Not the case. You see, when you buy something at Forever 21, it's yours. And that's it. Maybe that's where they get the "Forever" in their name from. You can return the article of clothing, but they won't give you money back--only store credit. Which would be fine if you actually wanted to shop at the place. But with the kinds of clothing they carry, and their less than sparkling moral standards and constant legal battles, is it really the kind of place you want to spend your hard-earned coin? And around Christmastime, get ready to re-gift if you don't care for the place, because you know Mom heard it's a pretty cool store so you're probably getting something under the tree that you can't take back.

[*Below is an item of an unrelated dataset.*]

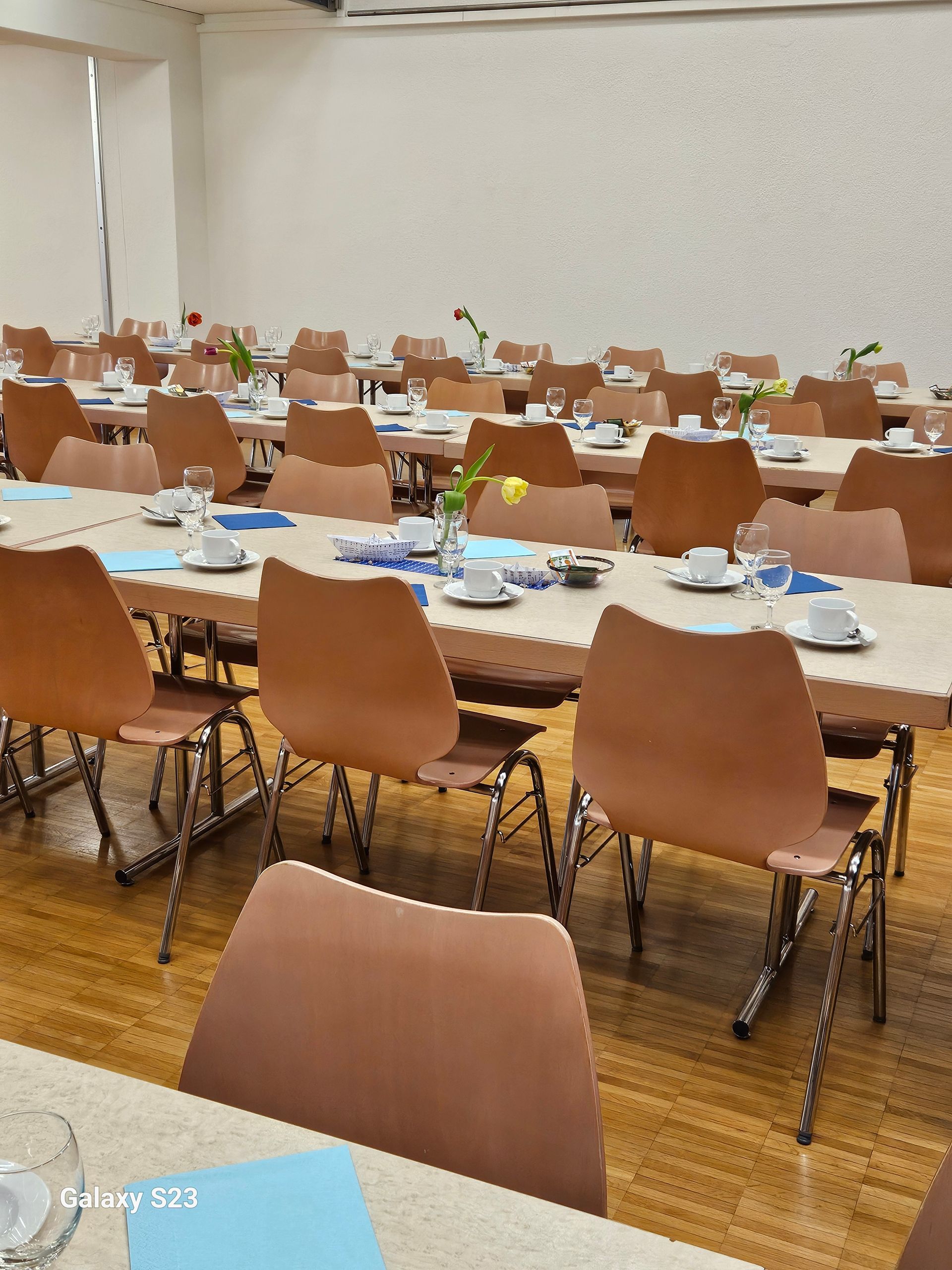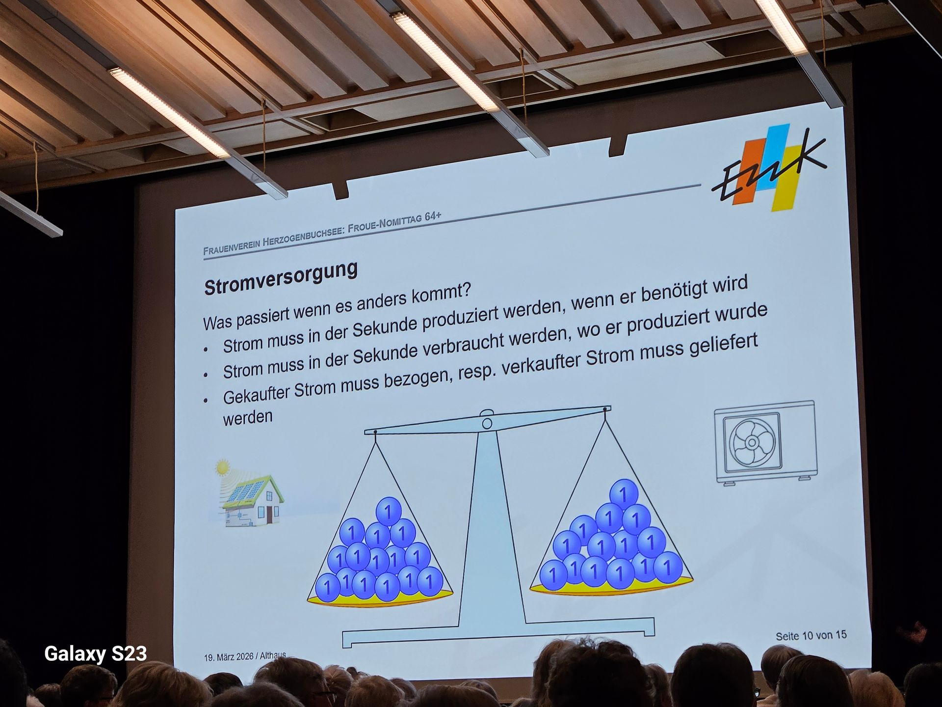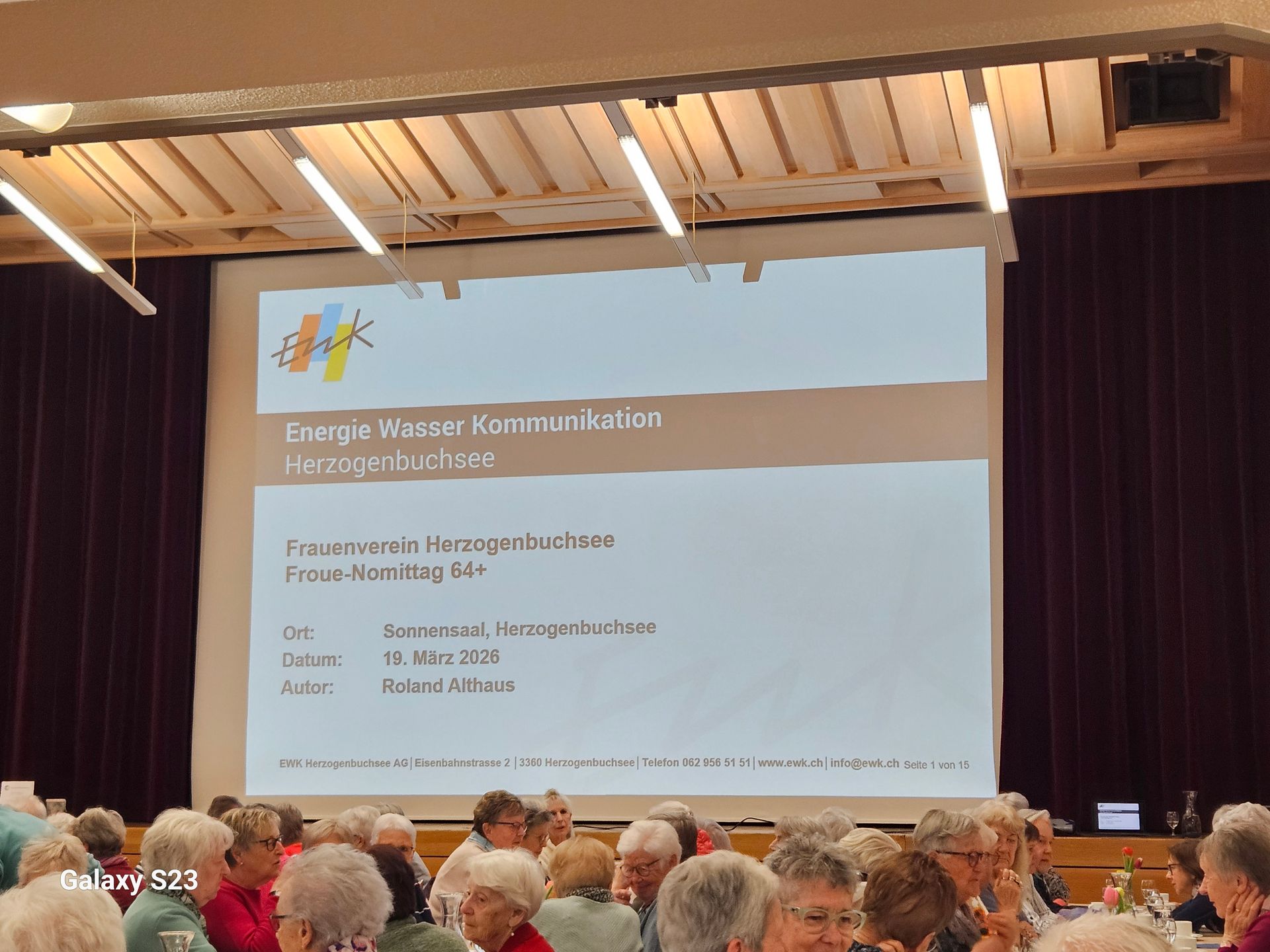 Blauer Himmel, angenehme Frühlingstemperatur, und trotzdem fanden 134 Frauen den Weg in den Sonnensaal. Wir waren sehr überrascht - und haben uns natürlich auch sehr gefreut. Nichts Musikalisches war für diesen Nachmittag am 19. März geplant. Es ging um Wasser, Strom und Kommunikation. Roland Althaus, Geschäftsführer vom EWK Herzogenbuchsee, erklärte uns auf spannende und verständliche Art, was hinter diesen drei Buchstaben steckt. Was z.B. dafür getan wird, dass immer einwandfreies und genügend Wasser aus unseren Leitungen fliesst, wie schwierig es ist, viele Monate im Voraus abzuschätzen, wie viel Strom am Tag X zur Stunde X gebraucht und somit eingekauft werden muss. Wir haben viel Wissenswertes gehört und schätzen umsomehr, dass es nichts Selbstverständliches ist, immer genügend Strom und Wasser zur Verfügung zu haben. Anschliessend haben wir das Zvieri serviert, einen mit viel Liebe von Sandra Steinegger hergestellten Spitzbueb. Zu den Informationen nach dem Zvieri gehörte der Hinweis, dass man sich am nächsten Anlass für die Reise ins Blaue anmelden kann.

I know I can't return swimsuits and underwear and used needles, but pants? Sweatshirts? It would be one thing if there was a huge sign when you came in the door, warning you that you're signing off your soul on whatever you're planning to try on, but the only place you can even find a disclaimer about Forever 21's (lack of) return policy is in tiny letters on your receipt. After you already bought something. Something that will probably fall apart after a couple washes. Good luck getting ahold of an ear to bend on that one.

What about forgiveness? I thought that was what this place was all about. I mean it's printed right on the bag! Nowhere that you'd see it, of course, but it's the thought that counts, right? So what about walking the walk if you're going to talk to talk? What would Jesus do? Tell you that's store policy and he can't do a thing about it, sorry, who's next in line?